Dennis Faas's picture

Google has just unveiled Accessible Web Search, a search engine for the visually-challenged. Here's how it works:

  1. Regular Google sorts search results primarily by how relevancy, but Accessible Search takes it a step further by also listing pages will that will be easy for the blind to navigate.
  2. To meet Google's Accessible Web Search criteria, a web Site has to be "visually simple." That means it should contain few images, work well even if those images are turned off, and can be navigated primarily with a keyboard. (Source: google.com)
  3. Before Google Accessible Web Search, searching the Internet had long been a futile task for visually-impaired people.

David Faucheux was one of those people.
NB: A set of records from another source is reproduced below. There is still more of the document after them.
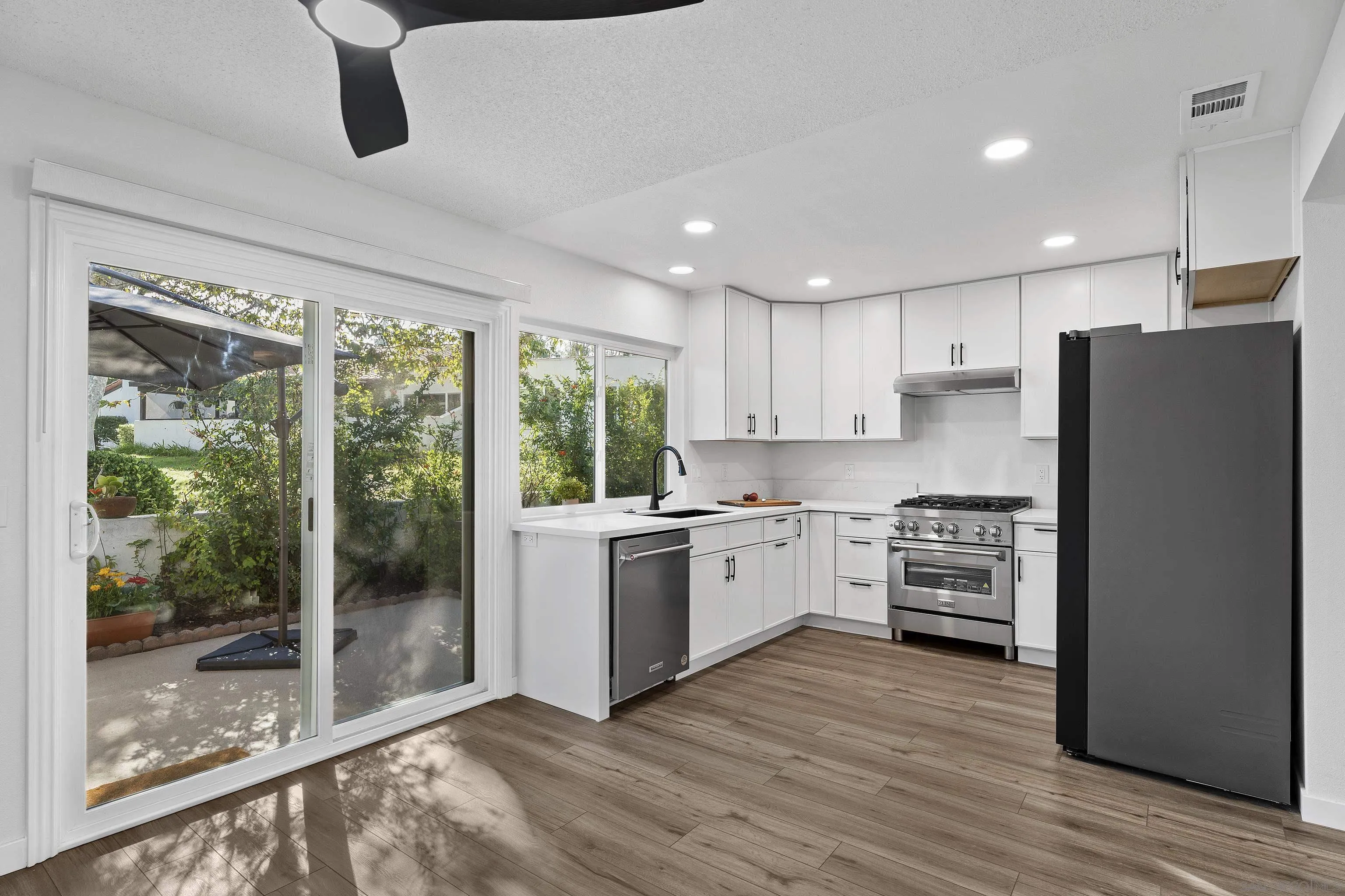 Discover a stunningly remodeled patio home in the vibrant “705 Haciendas” section of Seven Oaks, Rancho Bernardo. Enjoy a tight-knit 55+ community with a top-tier community center offering daily activities. Enter through a private courtyard and a beautifully refinished original front door to freshly painted rooms and clean, sleek ceilings. The modern kitchen features high-end appliances, sleek cabinets, quartz counters, and new recessed lighting. The expansive great room with vaulted ceilings includes a versatile dining area and a spacious living room with an 18-foot sliding patio doors opening to a private back patio with scenic views. Both bedrooms boast new windows and mirrored closet doors, while luxury vinyl plank flooring adds warmth throughout. Two spa-inspired bathrooms, one with an attached laundry room, elevate the experience. Don’t miss your chance to own this gem! ** Free one week accommodations in a Cabo San Lucas resort with successful closing by May 30, 2026 offered as a Seller Concession to help enable a smooth transition to your new home.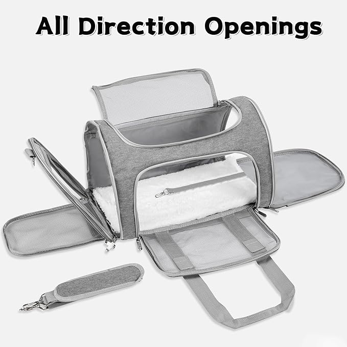 - Airline Approved & Safty:Can be placed under the seats of most airplanes(Four non-slip feet on the bottom to prevent movement), and comfortably on the seat next to you in a car or bus.It has a adjustable shoulder strap.Can also be fastened to the car seat with a safety belt or shoulder strap to keep your pet safe.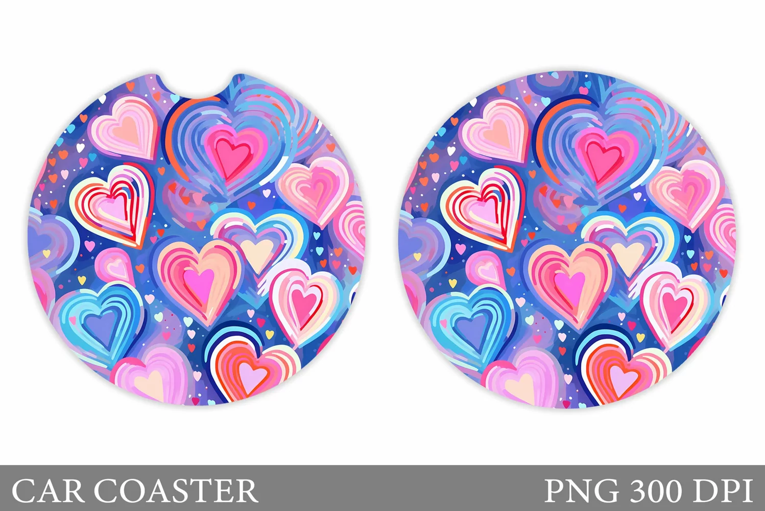 Colorful Hearts Car Coaster. Valentines Car Coaster Design

He is blind and writes for Blind Chance, an audio blog for visually-impaired people. His experiences with traditional search engines have not been positive. "I do a Google search," he said, referring to the regular version of the page, "and usually after the first several hits, I don't continue to look for anything." (Source: news.com)

Ironically, Google agrees with Faucheux:

"In the past, visually impaired Google users have often waded through a lot of inaccessible websites and pages to find the required information," the company admits on its Accessible Web Search FAQ page. "Our goal [with Accessible Web Search] is to provide a more useful and accessible web search experience for the blind and visually impaired." (Source: google.com)

About the new service, Faucheux stated, "I hope they can make things easy to use." (Source: news.com)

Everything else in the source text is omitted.